§ **What this task involves**
Give the listing back in full, exactly as written, with the pictures removed.
The data: Begin
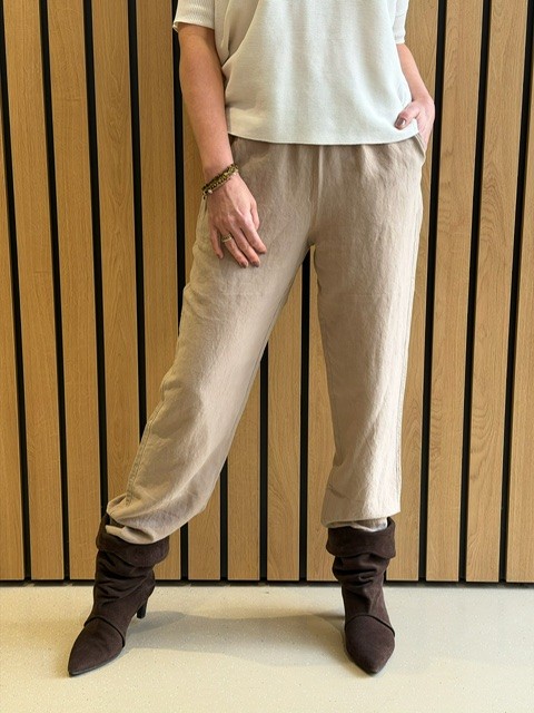 Ontdek de stijlvolle en tijdloze trousers van Noman’sland in een prachtige sesam tint. Deze broek combineert moeiteloos elegantie met comfort, waardoor het een onmisbaar item is in elke garderobe. De neutrale kleur maakt het eenvoudig te combineren met diverse tops en accessoires, van casual T-shirts tot formele blouses.
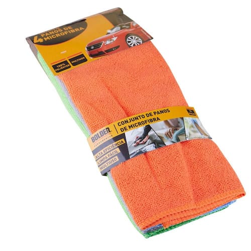 Tenha auxílio na sua limpeza em geral com o Conjunto de Panos Microfibra Bolder. Com esse conjunto de 4 panos coloridos, você pode efetuar sua limpeza em geral no seu veiculo em seu material de microfibra com muita facilidade e praticidade.
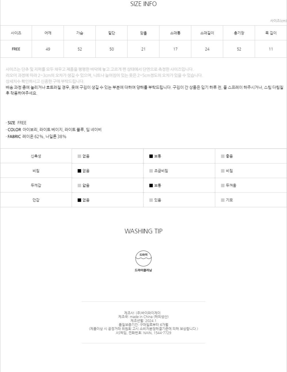 | 제조국 | 중국 | 세탁방법 및 취급시 주의사항 | 컨텐츠 참조 |
The data: End
§ **Result of the task**
 Ontdek de stijlvolle en tijdloze trousers van Noman’sland in een prachtige sesam tint. Deze broek combineert moeiteloos elegantie met comfort, waardoor het een onmisbaar item is in elke garderobe. De neutrale kleur maakt het eenvoudig te combineren met diverse tops en accessoires, van casual T-shirts tot formele blouses.
 Tenha auxílio na sua limpeza em geral com o Conjunto de Panos Microfibra Bolder. Com esse conjunto de 4 panos coloridos, você pode efetuar sua limpeza em geral no seu veiculo em seu material de microfibra com muita facilidade e praticidade.
 | 제조국 | 중국 | 세탁방법 및 취급시 주의사항 | 컨텐츠 참조 |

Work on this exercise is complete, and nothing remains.